Four weeks. Four. Whole. Weeks.
My fingers dug into my lap, twisting the fabric of my skirt as I stared out the window, but I wasn't seeing anything.
No. This wasn't happening. It couldn't be happening.
I had never been late before. Not once. My cycle was as regular as the morning sun, coming and going with the kind of precision I had always taken for granted.

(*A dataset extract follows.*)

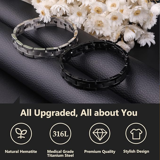 - Titanium Magnetic Bracelet for Men: The men's bracelet is made of sturdy titanium steel. Titanium steel is a superior material in jewelry making, as it's lead and nickel-free, hypoallergenic, waterproof, scratch-resistant, corrosion-resistant, and resistant to oxidation.
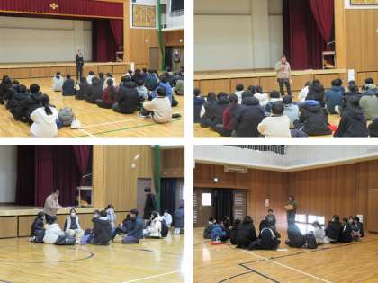 2月14日6限は体育館で公立高校の前期試験の事前指導でした。前期試験は2月17日・18日です。

And now, it was just... missing. Disappeared. Gone.
Oh God. No. No, no, no.
The sickening weight of realization pressed down on me, making it impossible to sit still. My palms were damp. My stomach twisted, nausea rolling over me in waves.
I felt sick.
A shaky breath left me, barely making it past my lips.
If I was pregnant-
I couldn't even say it. The word alone felt like it would shatter me.
I could already hear daddy's voice in my head.
"Renna Rose Lancaster, do you have any idea what you've done?"
The disappointment. He would look at me like I wasn't his little girl anymore.
No. I needed to be rational. Logical.
I couldn't lose my mind over a missed period. Maybe it was just late. Maybe my body was just adjusting to the travel, the stress.
A sharp turn jolts me upright. I blink, disoriented, before realizing we're approaching campus.
I pressed my hands against my face, my nails digging into my skin.